Recorded data:
§
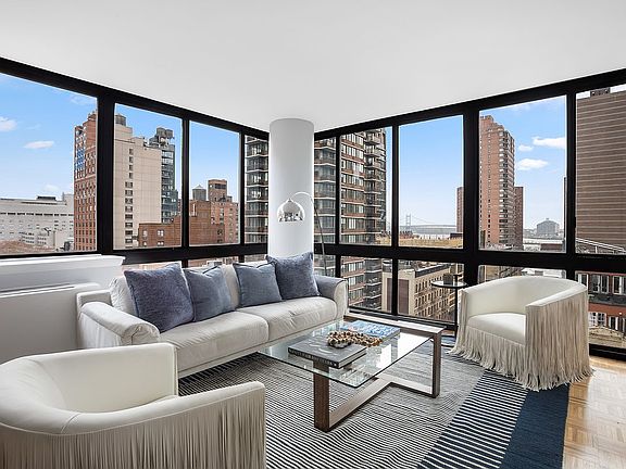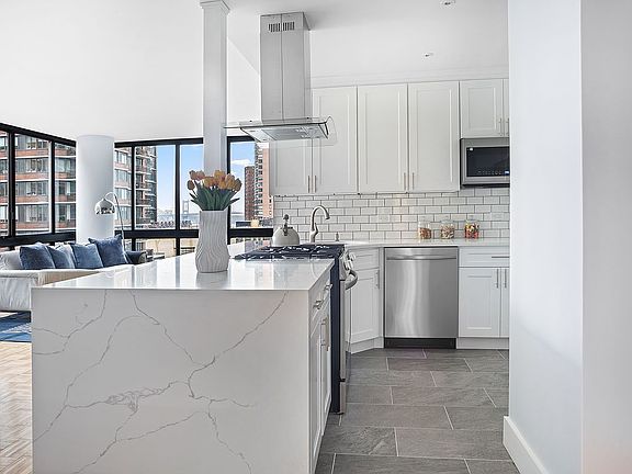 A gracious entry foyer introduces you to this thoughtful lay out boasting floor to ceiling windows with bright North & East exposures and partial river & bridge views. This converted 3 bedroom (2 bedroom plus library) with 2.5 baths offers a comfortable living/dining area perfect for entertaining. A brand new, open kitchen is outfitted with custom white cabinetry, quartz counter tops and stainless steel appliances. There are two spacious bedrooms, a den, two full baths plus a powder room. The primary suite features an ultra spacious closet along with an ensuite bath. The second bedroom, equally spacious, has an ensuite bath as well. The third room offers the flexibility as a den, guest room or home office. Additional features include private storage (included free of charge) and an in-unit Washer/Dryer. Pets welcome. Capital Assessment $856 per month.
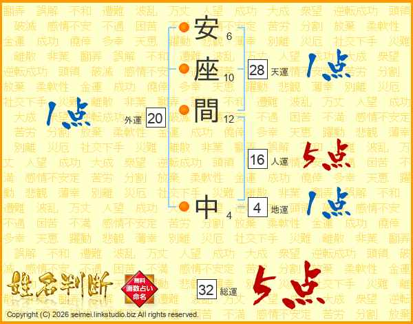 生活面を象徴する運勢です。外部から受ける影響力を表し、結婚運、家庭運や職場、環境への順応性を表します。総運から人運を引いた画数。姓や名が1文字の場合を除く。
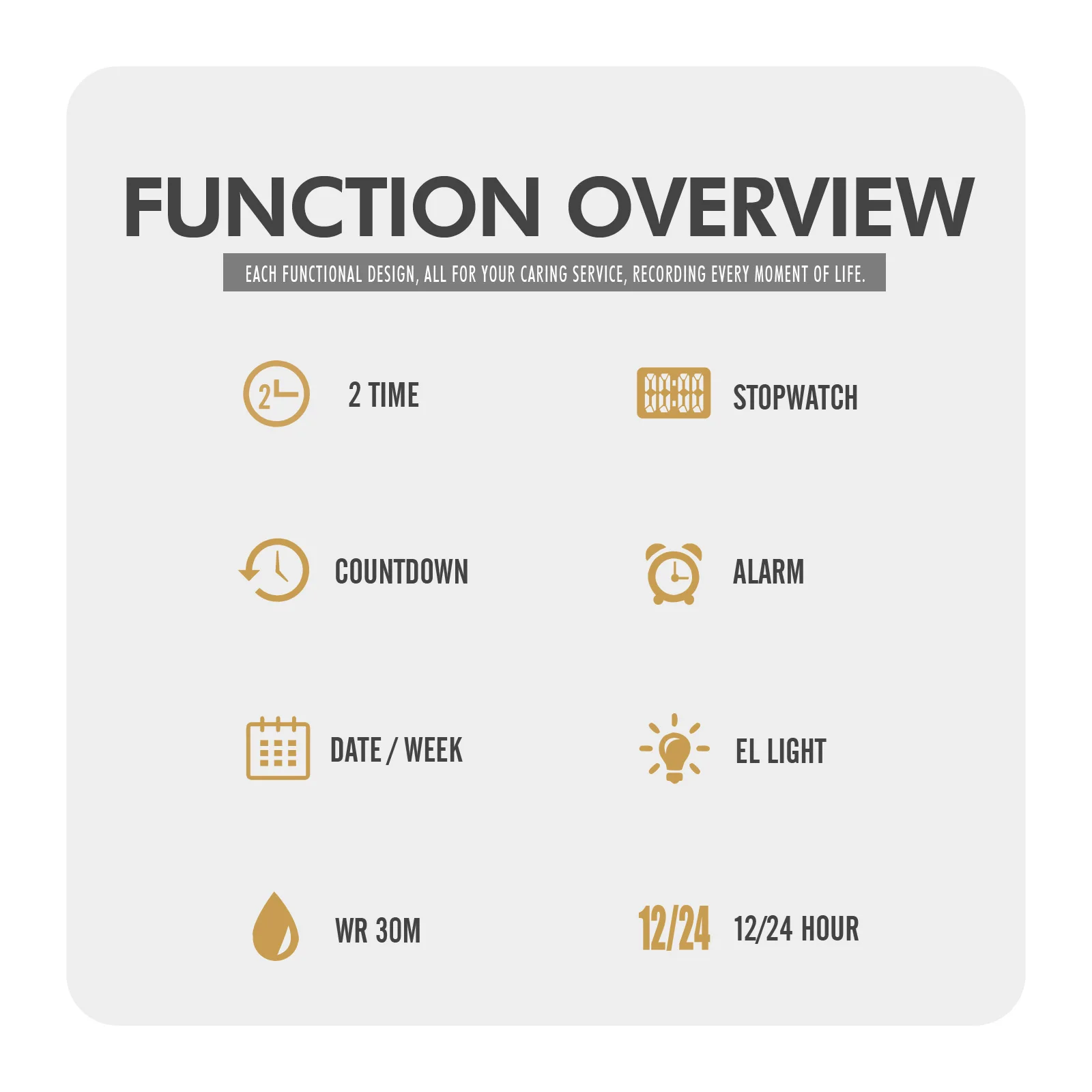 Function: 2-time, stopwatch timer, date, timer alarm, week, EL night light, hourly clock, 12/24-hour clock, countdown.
§
About this exercise:
Retype verbatim only the lines beginning with the line that contains "生活面を象徴する運勢です。外" and ending with the last line of the listing above; pictures are to be excluded.

Exercise output:
 生活面を象徴する運勢です。外部から受ける影響力を表し、結婚運、家庭運や職場、環境への順応性を表します。総運から人運を引いた画数。姓や名が1文字の場合を除く。
 Function: 2-time, stopwatch timer, date, timer alarm, week, EL night light, hourly clock, 12/24-hour clock, countdown.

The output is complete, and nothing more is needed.